Task requirements :: Output the entries exactly as they appear. Pictures should not be included.

Stored data entries:
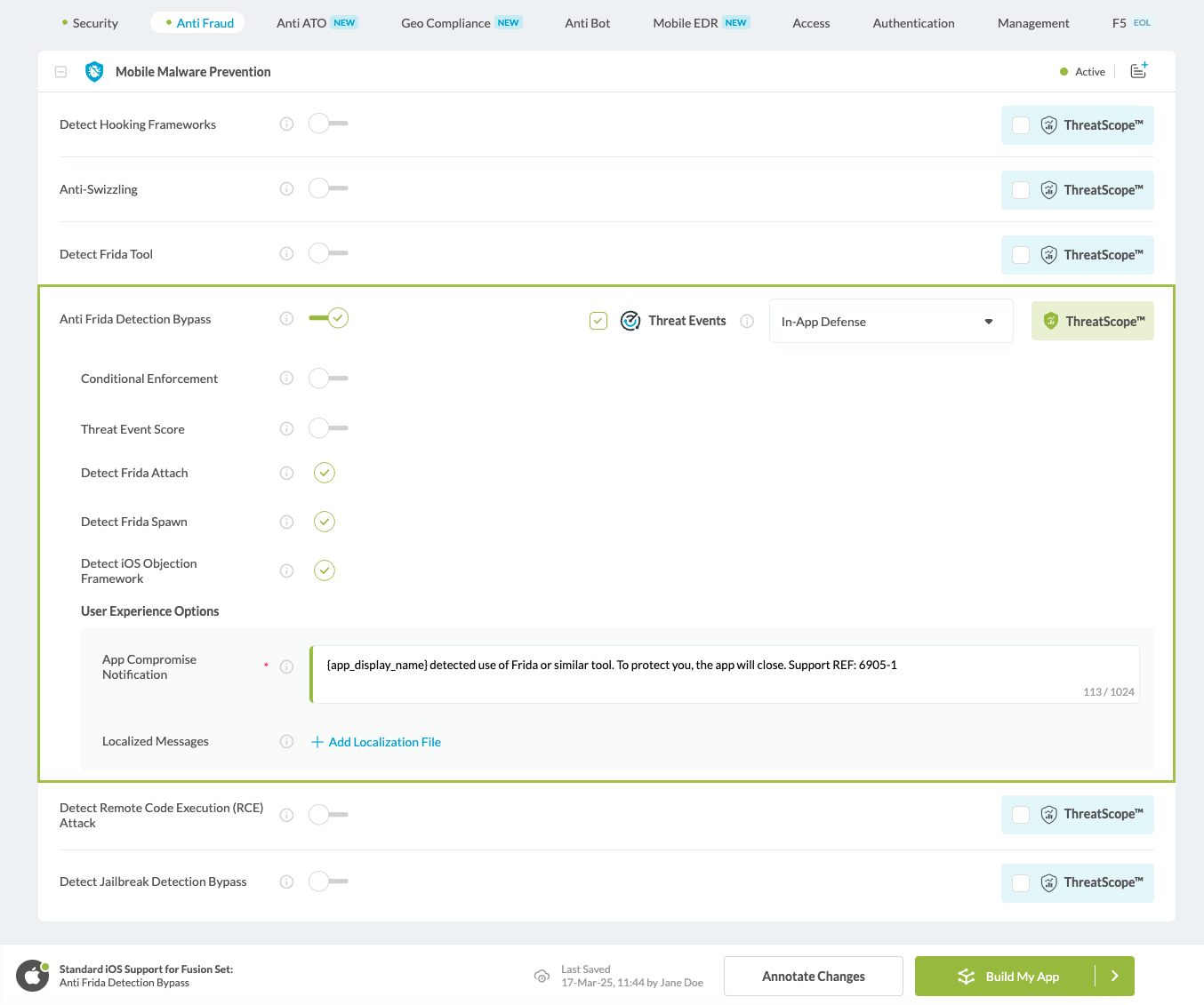 Figure 2: Fusion Set that displays the newly added Detect iOS Objection Framework protection
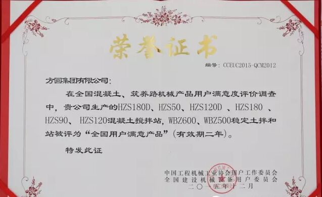方圓集團憑借在售后服務領(lǐng)域的突出表現(xiàn),榮獲“用戶滿意服務單位”的稱號,同時,方圓集團生產(chǎn)的HZS180D、HZS50、HZS120D、HZS180、HZS90、HZS120型混凝土攪拌站,WBZ600、WBZ500型穩(wěn)定土拌和站被評為“全國用戶滿意產(chǎn)品”。
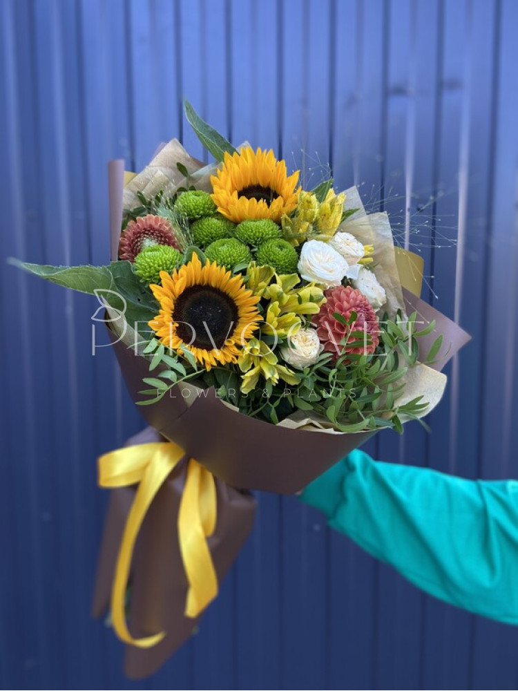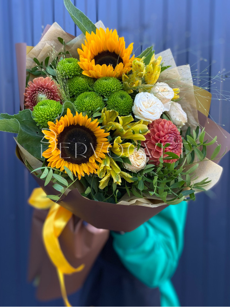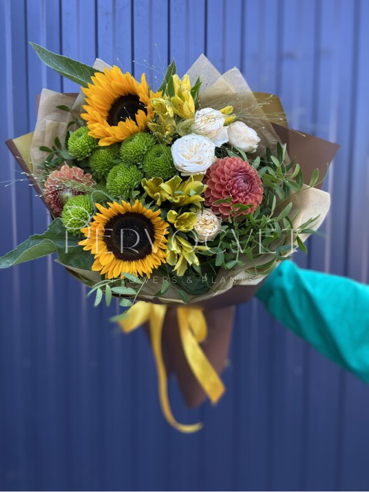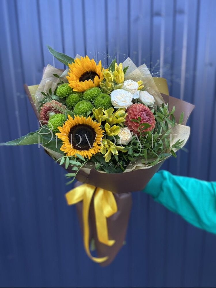 состав: подсолнух, альстромерия, хризантема, георгин, кустовая пионовидная роза Джентл Трендсеттер, паникум, фисташка
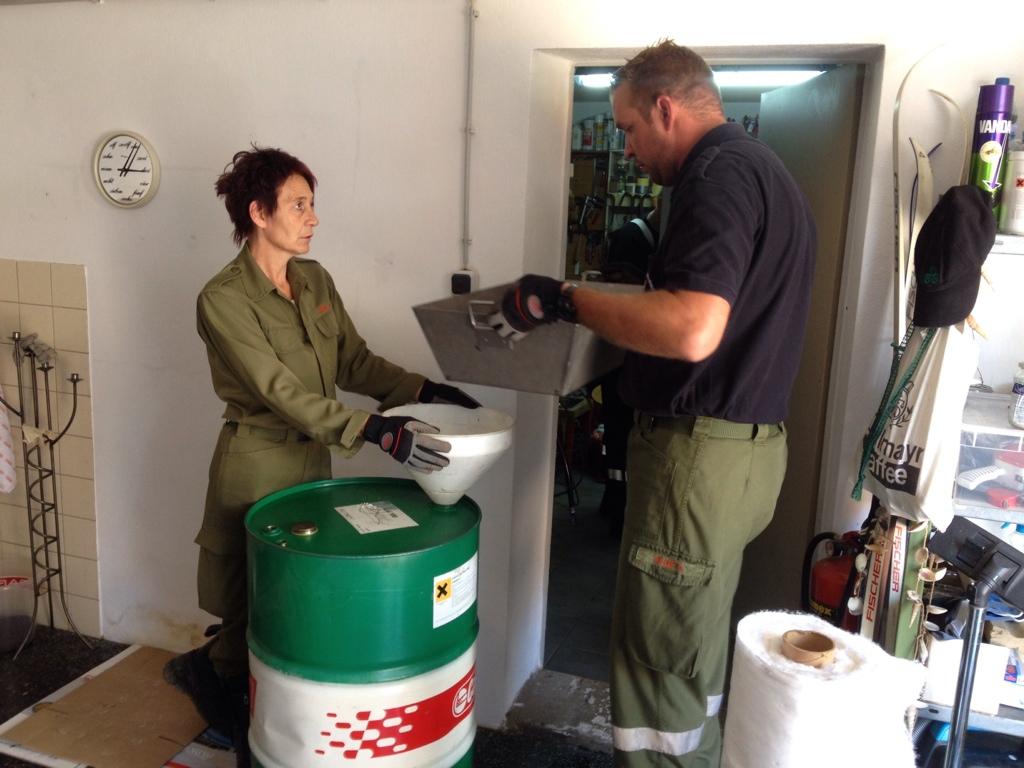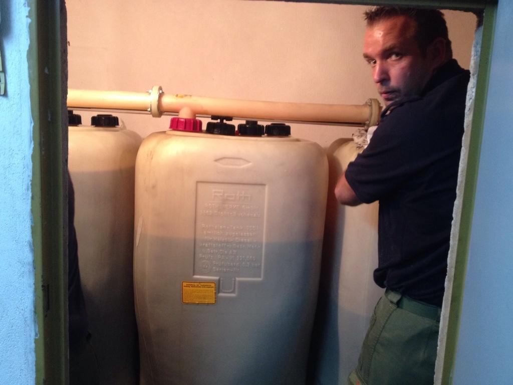 VOITSBERG, am 30.07.2014 Einsatz für das Ölschadensfahrzeug nach Anforderung von EL Köflach. In einem Wohnhaus traten ca. 60 Liter Heizöl aus, welches abgeschöpft und in ein Fass zur Entsorgung gefüllt wurde. Mittels Bindemittel wurde der Boden gesäubert und das getränkte Bindemittel entsorgt.
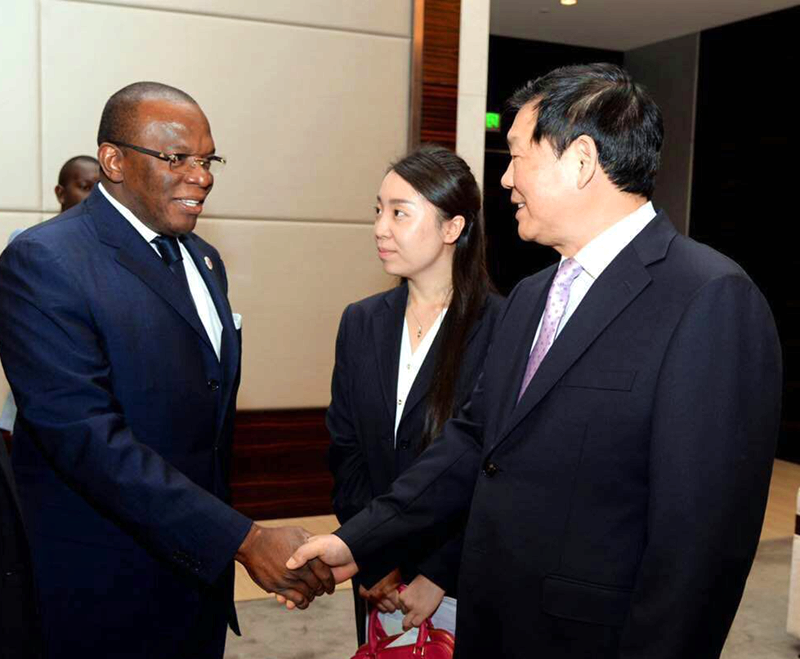 陕西省委书记娄勤俭与几内亚总统府国务部长兼总统投资事务顾问易卜拉欣玛•卡索里•弗法纳亲切握手
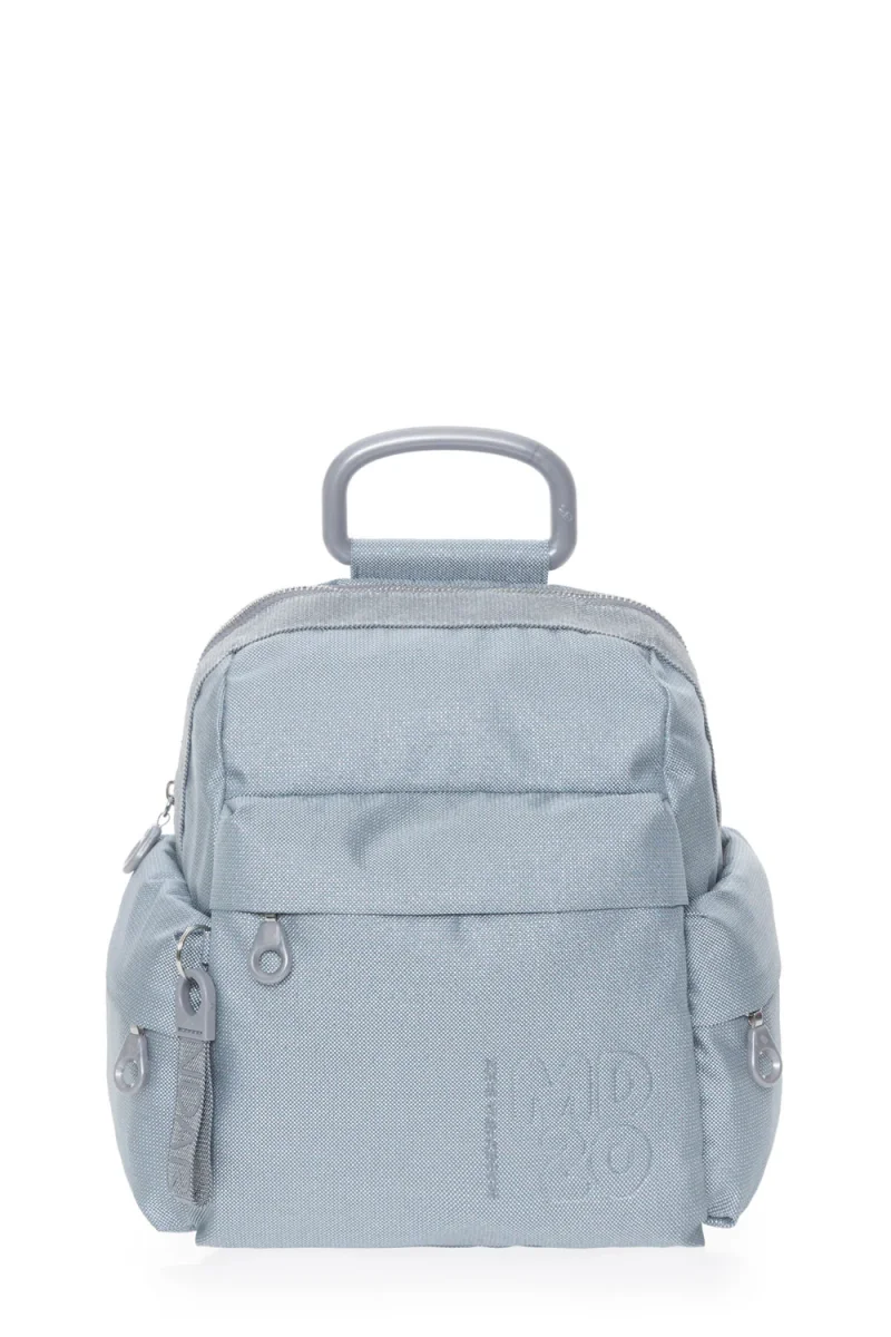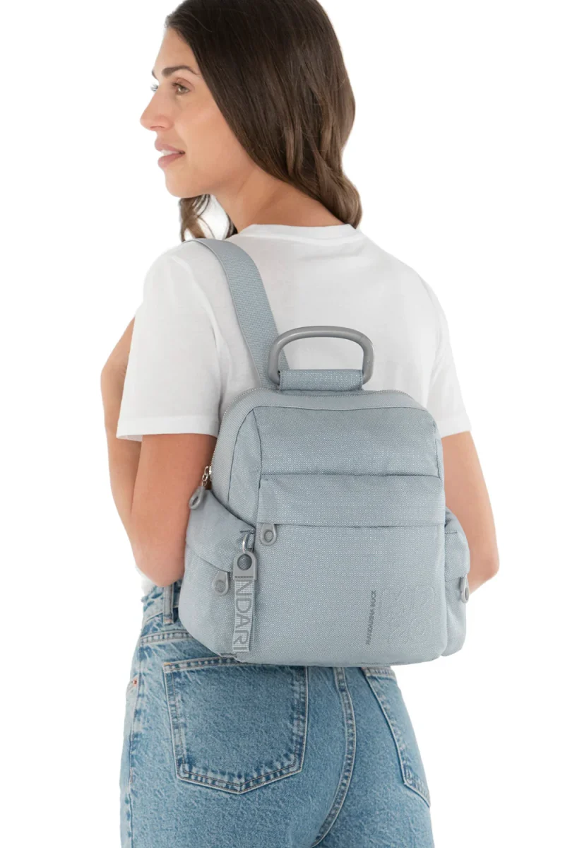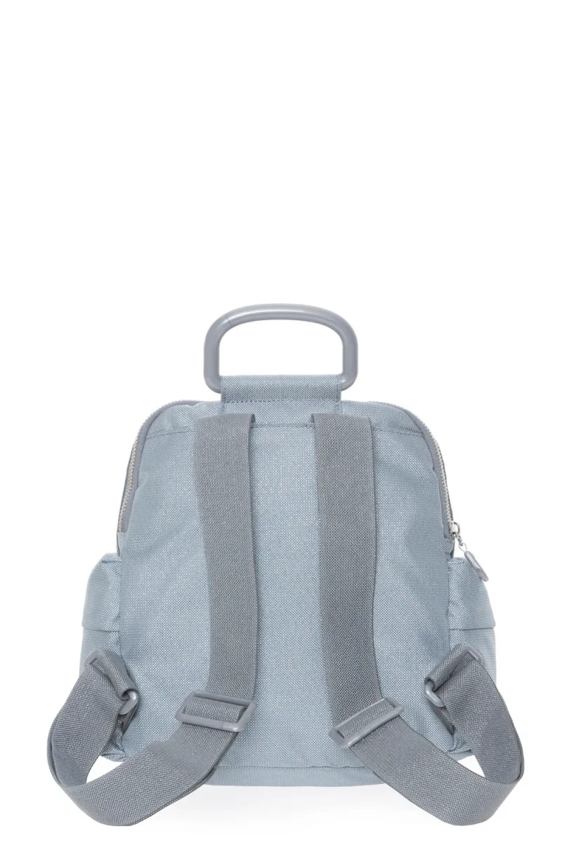 Zaino di piccole dimensioni in mitrix, storico materiale del marchio Mandarina Duck. Leggero, versatile e connotato da un originale effetto cangiante. Il tessuto è reso brillante dal filo iridescente intrecciato al tessuto dai colori più scuri e contrastati. Gli spallacci regolabili uniti alle tasche zippate interne ed esterne rendono lo zaino comodo e funzionale.

Answer to this exercise ::
 Figure 2: Fusion Set that displays the newly added Detect iOS Objection Framework protection
方圓集團憑借在售后服務領(lǐng)域的突出表現(xiàn),榮獲“用戶滿意服務單位”的稱號,同時,方圓集團生產(chǎn)的HZS180D、HZS50、HZS120D、HZS180、HZS90、HZS120型混凝土攪拌站,WBZ600、WBZ500型穩(wěn)定土拌和站被評為“全國用戶滿意產(chǎn)品”。
 состав: подсолнух, альстромерия, хризантема, георгин, кустовая пионовидная роза Джентл Трендсеттер, паникум, фисташка
 VOITSBERG, am 30.07.2014 Einsatz für das Ölschadensfahrzeug nach Anforderung von EL Köflach. In einem Wohnhaus traten ca. 60 Liter Heizöl aus, welches abgeschöpft und in ein Fass zur Entsorgung gefüllt wurde. Mittels Bindemittel wurde der Boden gesäubert und das getränkte Bindemittel entsorgt.
 陕西省委书记娄勤俭与几内亚总统府国务部长兼总统投资事务顾问易卜拉欣玛•卡索里•弗法纳亲切握手
 Zaino di piccole dimensioni in mitrix, storico materiale del marchio Mandarina Duck. Leggero, versatile e connotato da un originale effetto cangiante. Il tessuto è reso brillante dal filo iridescente intrecciato al tessuto dai colori più scuri e contrastati. Gli spallacci regolabili uniti alle tasche zippate interne ed esterne rendono lo zaino comodo e funzionale.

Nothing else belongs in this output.